First formal release — the launch baseline. Establishes the post-launch versioning + deprecation rules; everything before this tag is "pre-release," everything after follows the changelog/deprecation ledger.

🌐 Live at linchpin.work

What ships

A self-hostable, open-source managed-agent runtime — Apache-2.0.

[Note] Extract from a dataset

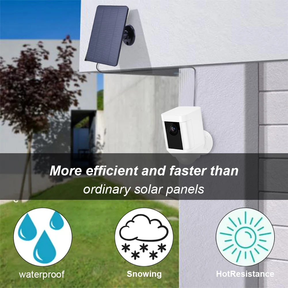 4. Higher Efficiency and Faster Charging: With a maximum power output of 4W, our solar panel is more efficient and charges faster compared to regular solar panels. You no longer have to worry about your security camera running out of power while you're away. Plus, it saves you time and frees your hands from frequent recharging.
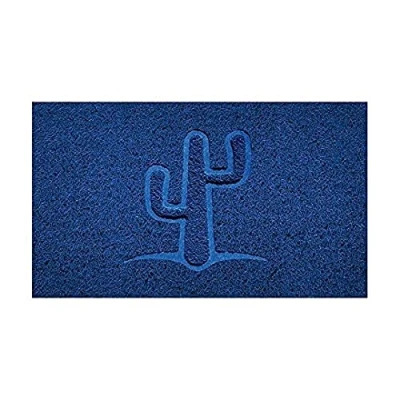 Nicoman Embossed Spaghetti Door Mat Dirt Trapper Jet Washable Doormat 70x43cm (Blue, CACTUS Shape) Use on Carpet ONLY

• Managed-agent runtime. Agents (model + system prompt + tools + permissions), environments (sandbox templates), and sessions (per-session Docker container driving the agent loop).
• HTTP + SSE API under /v1 with bearer auth, cursor-paginated event log, and SSE stream replay.
• Model providers. openrouter (~200 cloud models — Claude, GPT, Gemini, Llama, DeepSeek, Mistral, Qwen, …) and ollama (local). No upstream SDK dependency.
• Built-in tools. bash, read, write, edit, glob, grep, web_fetch, web_search — all executed inside the session's container.
• Extensibility. MCP servers (stdio) and custom HTTP tools via linchpin-connector.
• Per-tool permissions. always_allow or always_ask (blocks on user confirmation).
• Per-session Docker sandbox. Ubuntu 22.04 · Python 3.12 · Node 20 · git · curl · jq · ripgrep. Networking is none or unrestricted per environment.
• Credential vaults. Workspace-scoped encrypted store (Fernet, keyed off VAULT_ENCRYPTION_KEY), injected as env vars when sessions start.
• Web console (linchpin-console). React + Vite UI for browsing agents/environments/sessions and chatting live.

Stack

FastAPI · React + Vite · Postgres 16 · Docker · docker-compose.yml for local dev.

Quick start

git clone https://github.com/linchpinhq/linchpin.git
cd linchpin
cp .env.example .env   # set LINCHPIN_API_KEY + OPENROUTER_API_KEY
docker compose up --build

Docs

• README — quickstart + API reference
• ARCHITECTURE — topology, session state machine, event taxonomy
• CHANGELOG — this release
• CONTRIBUTING — DCO sign-off

Notes

• No Linchpin-API-Version request header yet. The wire surface is treated as v1; explicit per-request version negotiation arrives in a later release.
• Backend (pyproject.toml × 2) and console (package.json) version strings currently bump independently. A release script that keeps them in lockstep is planned for the next release.